TASK TO COMPLETE:
What's needed is an exact copy of all the data below, without pictures.

STORED DATA:
######
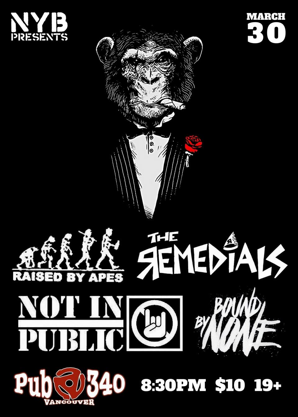 Raised By Apes, The Remedials, NOT INPUBLIC, Bound By None @ Pub 340 Mar 30 2018 - Feb 3rd @ Pub 340
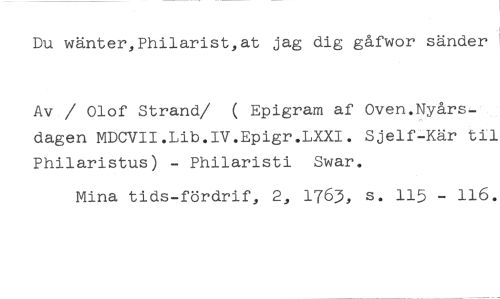 Du wänter,Philarist,at jag dig gåfwor sänder //// Av / Olof Strand/ ( Epigram af Oven.Nyårsdagen MDCVII.Lib.IV.Epigr.LXXI. Sjelf-Kär til Philaristus) - Philaristi Swar. //// Mina tids-fördrif, 2, 1763, s. 115 - 116.
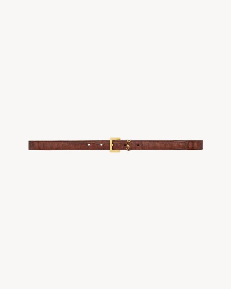 cassandre thin belt in crocodile-embossed leather
######
OUTPUT:
 Raised By Apes, The Remedials, NOT INPUBLIC, Bound By None @ Pub 340 Mar 30 2018 - Feb 3rd @ Pub 340
 Du wänter,Philarist,at jag dig gåfwor sänder //// Av / Olof Strand/ ( Epigram af Oven.Nyårsdagen MDCVII.Lib.IV.Epigr.LXXI. Sjelf-Kär til Philaristus) - Philaristi Swar. //// Mina tids-fördrif, 2, 1763, s. 115 - 116.
 cassandre thin belt in crocodile-embossed leather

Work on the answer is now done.